Published by echarlaix over 2 years ago

Torch FX

The optimum.fx.optimization module (#232) provides a set of torch.fx graph transformations, along with classes and functions to write your own transformations and compose them.

The Transformation and ReversibleTransformation represent non-reversible and reversible transformations, and it is possible to write such transformations by inheriting from those classes
The compose utility function enables transformation composition
Two reversible transformations were added:
- MergeLinears: merges linear layers that have the same input
- ChangeTrueDivToMulByInverse: changes a division by a static value to a multiplication of its inverse

ORTModelForSeq2SeqLM

ORTModelForSeq2SeqLM (#199) allows ONNX export and ONNX Runtime inference for Seq2Seq models.

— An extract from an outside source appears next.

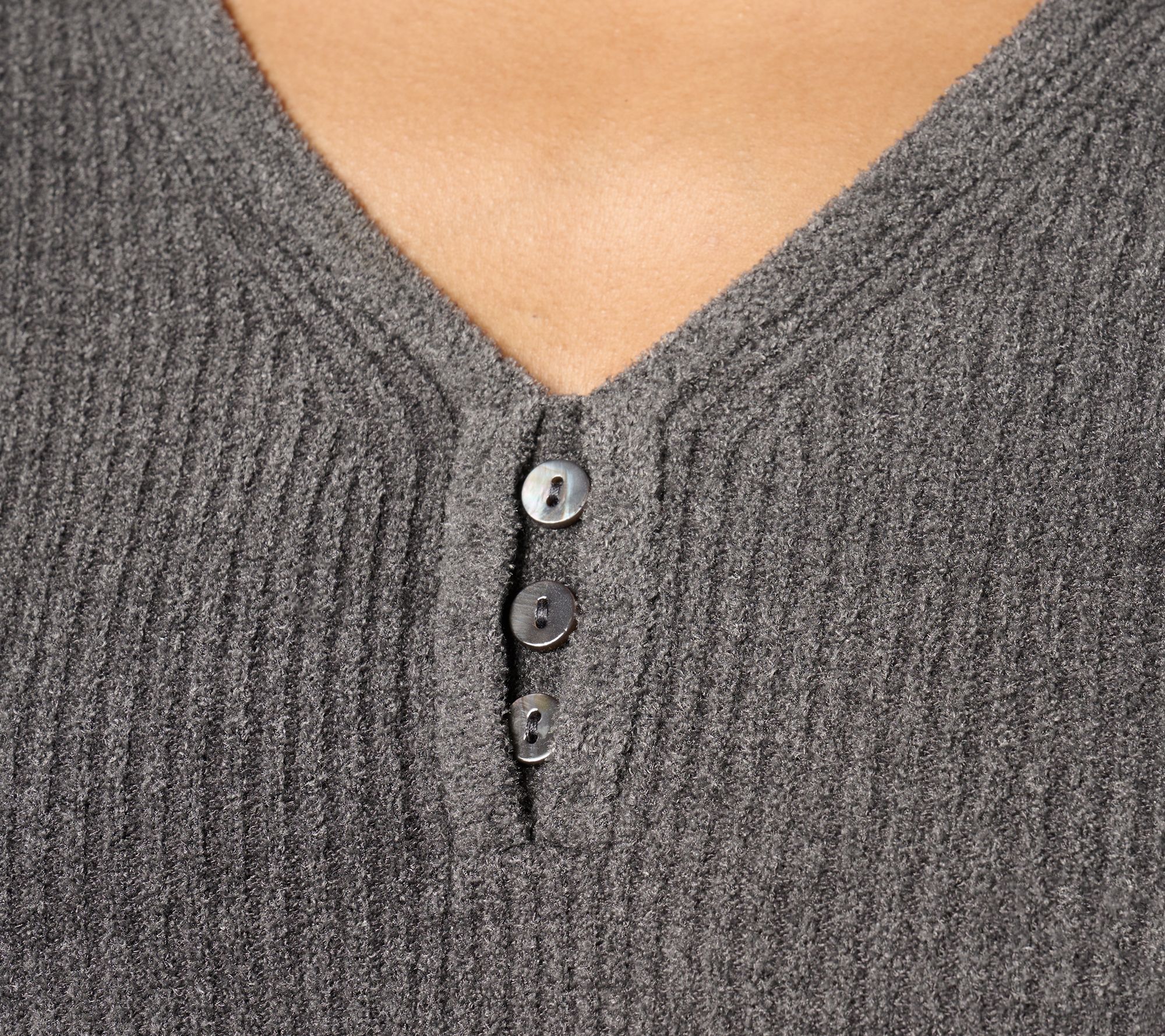 • Features: allover ribbing, button-front neckline, long sleeves, tunic length

When exported, Seq2Seq models are decomposed into three parts : the encoder, the decoder (actually consisting of the decoder with the language modeling head), and the decoder with pre-computed key/values as additional inputs.
This specific export comes from the fact that during the first pass, the decoder has no pre-computed key/values hidden-states, while during the rest of the generation past key/values will be used to speed up sequential decoding.

Below is an example that downloads a T5 model from the Hugging Face Hub, exports it through the ONNX format and saves it :

from optimum.onnxruntime import ORTModelForSeq2SeqLM

# Load model from hub and export it through the ONNX format 
model = ORTModelForSeq2SeqLM.from_pretrained("t5-small",  from_transformers=True)

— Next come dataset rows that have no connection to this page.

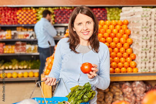Kundin liest Etikett auf einem Produkt im Supermarkt
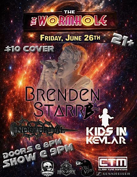 Get ready, Savannah! Brenden Starr is bringing the energy to The Wormhole on Friday, June 26th with special guests Nocturnae and Kids In Kevlar. It’s a 21+ show, $10 cover, with doors at 8 PM and music at 9 PM. Don’t miss a night of killer live rock and unforgettable performances.
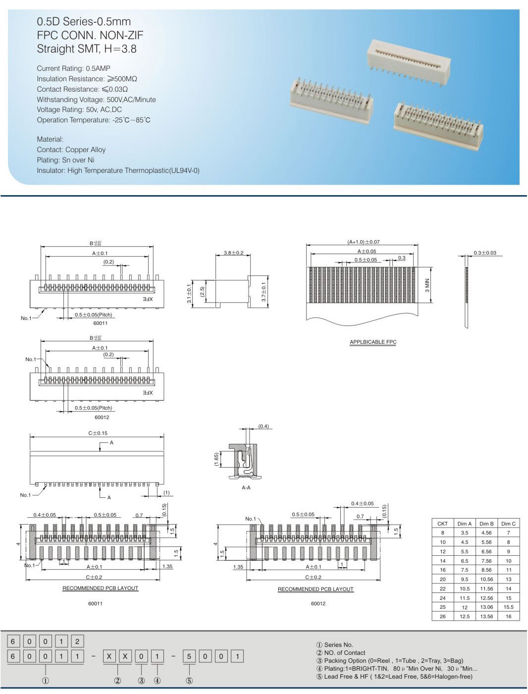 0.5D Series-0.5mm FPC CONN. NON-ZIF Straight SMT, H=3.8 Current Rating: 0.5AMP Insulation Resistance:≥50OMΩ Contact Resistance:≤0.03Ω Withstanding Voltage:50OV,AC/Minute Voltage Rating:50v, AC,DC Operation Temperature:-25℃-85℃ Material: Contact: Copper Alloy Plating: Sn over Ni Insulator: High Temperature Thermoplastic(UL94v-0)
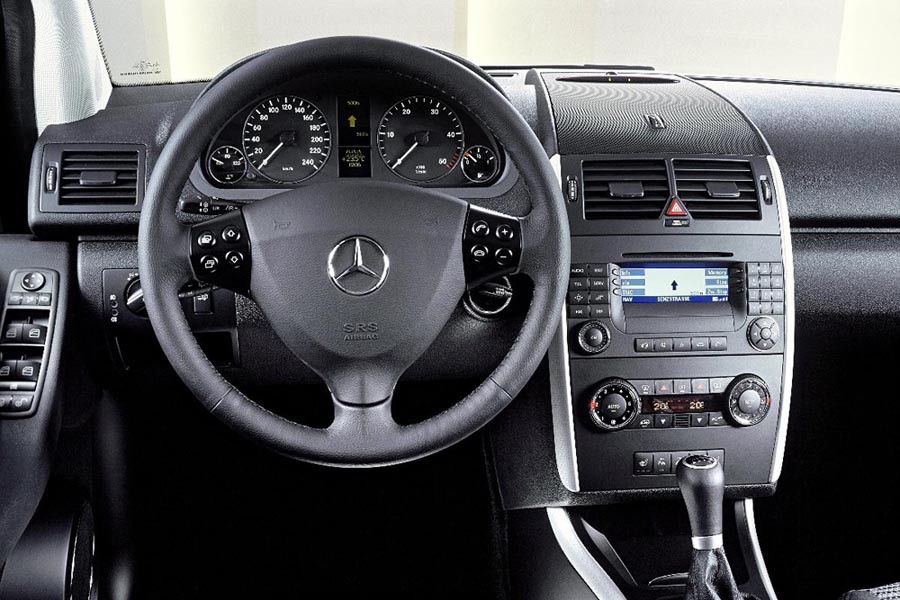 H παλαιότερη, 2ης γενιάς A-Class εστιάζει στην πρακτικότητα μέσω του συμπαγών διαστάσεων ψηλού αμαξώματός της με το διπλό δάπεδο τύπου «σάντουιτς» και τους ακροβολισμένους τροχούς. Στο συντηρητικής αισθητικής εσωτερικό της κυρίαρχο στοιχείο αποτελεί η υψηλή ποιότητα των μαλακών πλαστικών που συναντώνται σε ολόκληρη την επιφάνεια του ταμπλό και στις πόρτες. Παρά το κοντό της αμάξωμα (μήκος 3.840 χλστ.) η προγενέστερη A-Class είναι ιδιαίτερα άνετη για τις μετακινήσεις τεσσάρων επιβατών, ενώ μεγάλη χωρητικότητα διαθέτει και το πορτ μπαγκάζ των 435 λίτρων. Αρνητικό στοιχείο αποτελεί το ψηλό δάπεδο, που ενδέχεται να μην διευκολύνει κάποιους κατά την επιβίβαση και αποβίβαση.
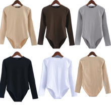 7春夏女款纯色连体衣圆领长袖T恤防走光打底上衣弹力修身成人连体
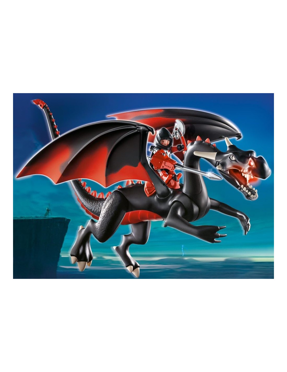 Drac alat articulat amb cadira de muntar pel seu genet. Amb 1 figura de genet. amb llums led. A partir de 5 anys. Playmobil, 2009.
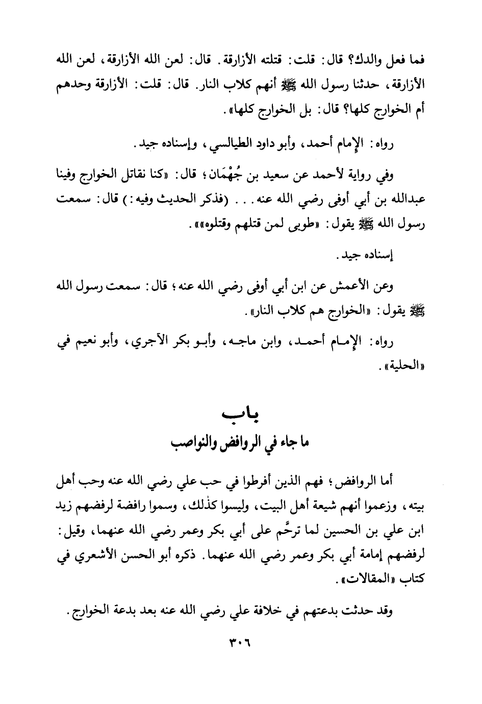 فما فعل والدك؟ قال: قلت: قتلته الأزارقة. قال: لعن الله الأزارقة، لعن الله الأزارقة، «حدثنا رسول الله صلى الله عليه وسلم أنهم كلاب النار» . قال: قلت: الأزارقة وحدهم أم الخوارج كلها؟ قال: بل الخوارج كلها".
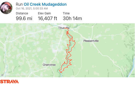 Originally, I wanted to run the Midstate Massive Ultra, which is a point-to-point race that starts in southern New Hampshire and traverses the entire state of Massachusetts from north to south. But this race conflicted with the wedding of a very old friend that I really didn’t want to miss, so I ended up pivoting to the Oil Creek 100, which was the following weekend. (Steve Vida, whom I had convinced to sign up with me, also graciously pivoted to accommodate my needs). Little did we know we were trading in a cool, dry autumnal weekend in New England for a massive mudfest in western PA.
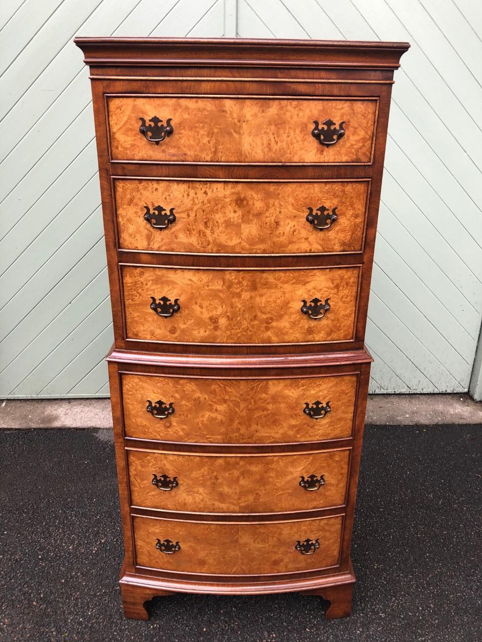 Antique Slim Burr Walnut Chest on Chest Tallboy

# Save the exported model in the given directory
model.save_pretrained(output_dir)

ORTModelForImageClassification

ORTModelForImageClassification (#226) allows ONNX Runtime inference for models with an image classification head.

Below is an example that downloads a ViT model from the Hugging Face Hub, exports it through the ONNX format and saves it :

from optimum.onnxruntime import ORTModelForImageClassification

# Load model from hub and export it through the ONNX format 
model = ORTModelForImageClassification.from_pretrained("google/vit-base-patch16-224",  from_transformers=True)

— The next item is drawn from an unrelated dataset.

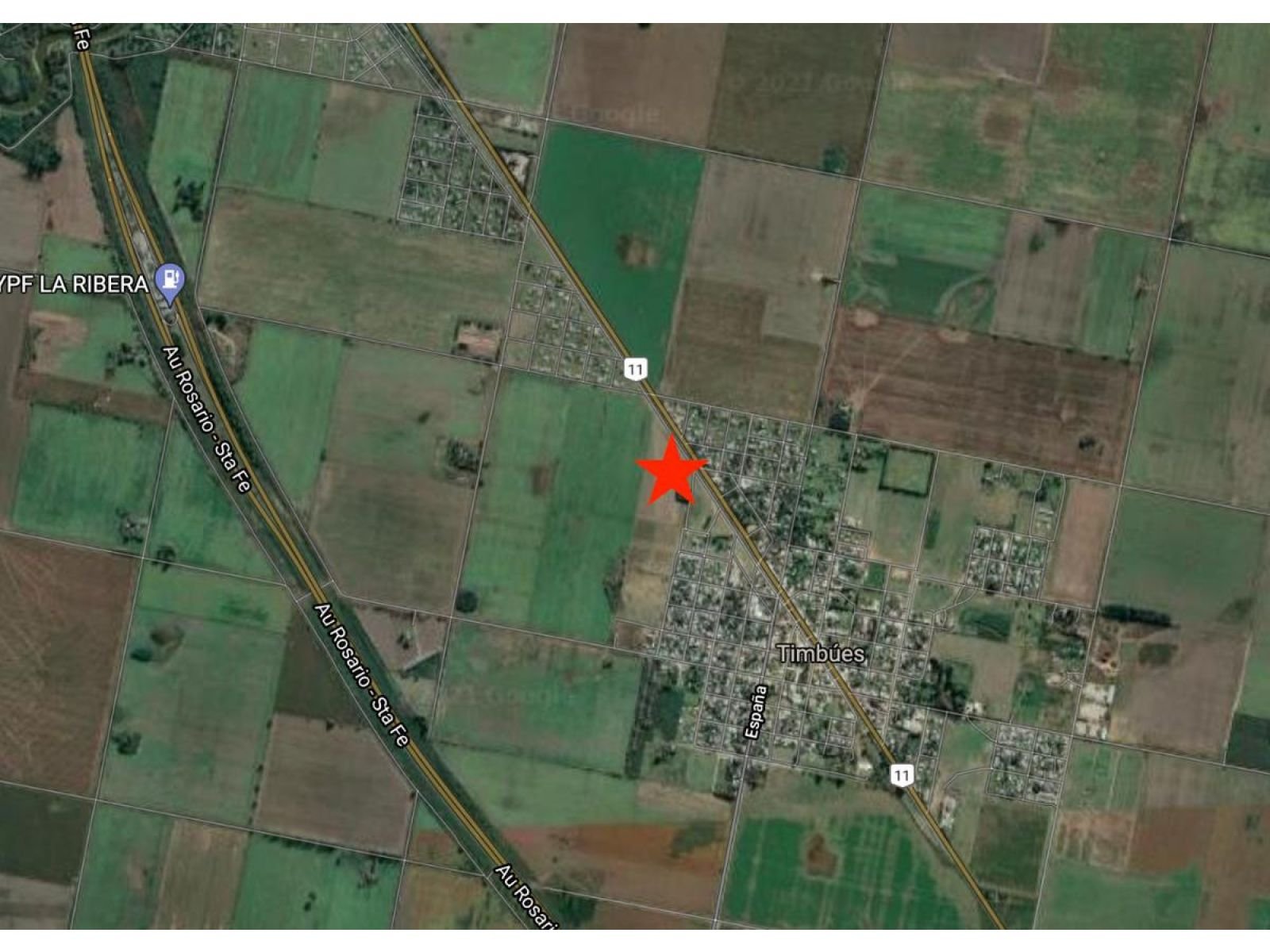 Ubicadas en la intersección de Ruta Nacional 11 (Av. San Martín) y calle Maiztegui, en la localidad de Timbúes, provincia de Santa Fe.
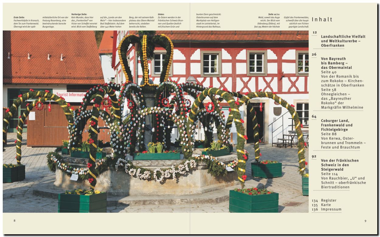 Rund 200 Bilder zeigen alle Facetten der oberfränkischen Landschaft. Vier Specials berichten über die vielfältige Brauereienlandschaft, über die Markgräfin Wilhelmine von Bayreuth, über Feste und Brauchtum sowie über bedeutende Kirchenbauten - allen voran der Bamberger Dom.

# Save the exported model in the given directory
model.save_pretrained(output_dir)

ORTOptimizer

Adds support for converting model weights from fp32 to fp16 by adding a new optimization parameter (fp16) to OptimizationConfig (#273).

Pipelines

Additional pipelines tasks are now supported, here is a list of the supported tasks along with the default model for each:

Image Classification (ViT)
Text-to-Text Generation (T5 small)
Summarization (T5 base)
Translation (T5 base)

Below is an example that downloads a T5 small model from the Hub and loads it with transformers pipeline for translation :

from transformers import AutoTokenizer, pipeline
from optimum.onnxruntime import ORTModelForSeq2SeqLM

tokenizer = AutoTokenizer.from_pretrained("optimum/t5-small")
model = ORTModelForSeq2SeqLM.from_pretrained("optimum/t5-small")
onnx_translation = pipeline("translation_en_to_fr", model=model, tokenizer=tokenizer)

text = "What a beautiful day !"
pred = onnx_translation(text)
# [{'translation_text': "C'est une belle journée !"}]

Breaking change

The ORTModelForXXX execution provider default value is now set to CPUExecutionProvider (#203). Before, if no execution provider was provided, it was set to CUDAExecutionProvider if a gpu was detected, or to CPUExecutionProvider otherwise.

optimum - v1.2.3: Patch release

Published by echarlaix over 2 years ago

Remove intel sub-package, migrating to optimum-intel (#212)
Fix the loading and saving of ORTModel optimized and quantized models (#214)

optimum - v1.2.2: Patch release

Published by echarlaix over 2 years ago

Extend QuantizationPreprocessor to dynamic quantization (https://github.com/huggingface/optimum/pull/196)
Introduce unified approach to create transformers vs optimized models benchmark (https://github.com/huggingface/optimum/pull/194)
Bump huggingface_hub version and protobuf fix (https://github.com/huggingface/optimum/pull/205)

optimum - v1.2.1: Patch release

Published by echarlaix over 2 years ago

Add support to Python version 3.7 (https://github.com/huggingface/optimum/pull/176)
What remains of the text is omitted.